Task data —
◆ ◆ ◆ ◆ ◆

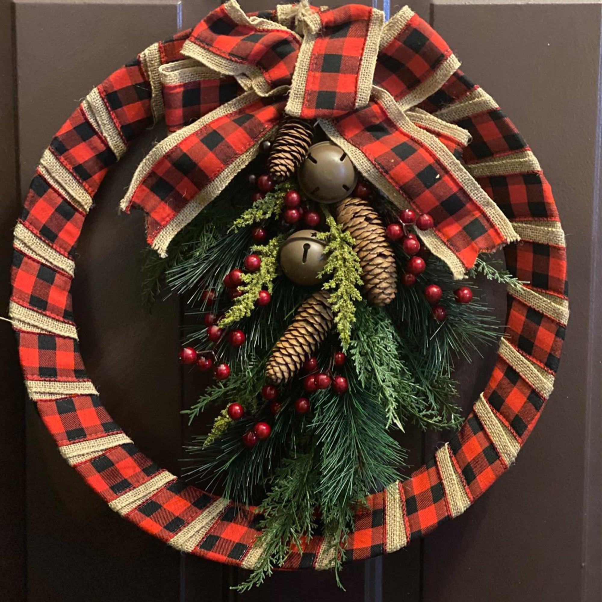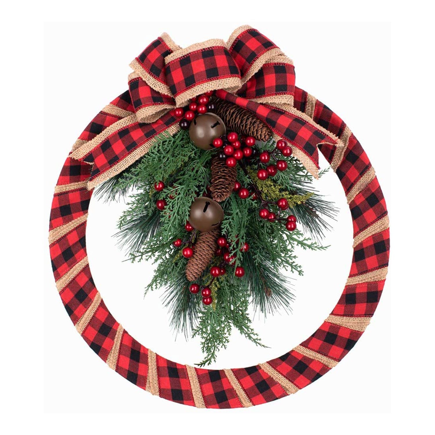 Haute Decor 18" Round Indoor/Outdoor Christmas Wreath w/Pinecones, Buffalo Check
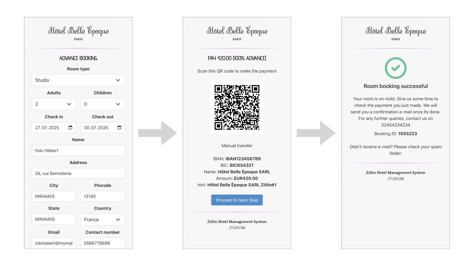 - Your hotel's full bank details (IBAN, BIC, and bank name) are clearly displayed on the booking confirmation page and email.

◆ ◆ ◆ ◆ ◆

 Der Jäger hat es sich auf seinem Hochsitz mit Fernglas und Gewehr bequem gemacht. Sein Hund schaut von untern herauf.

◆ ◆ ◆ ◆ ◆

Task to carry out —
Nothing but the lines above from the one that has "w/Pinecones, Buffalo Check" down to the one that has "- Your hotel's" belongs in the answer, copied exactly, without pictures.

Task result —
 Haute Decor 18" Round Indoor/Outdoor Christmas Wreath w/Pinecones, Buffalo Check
 - Your hotel's full bank details (IBAN, BIC, and bank name) are clearly displayed on the booking confirmation page and email.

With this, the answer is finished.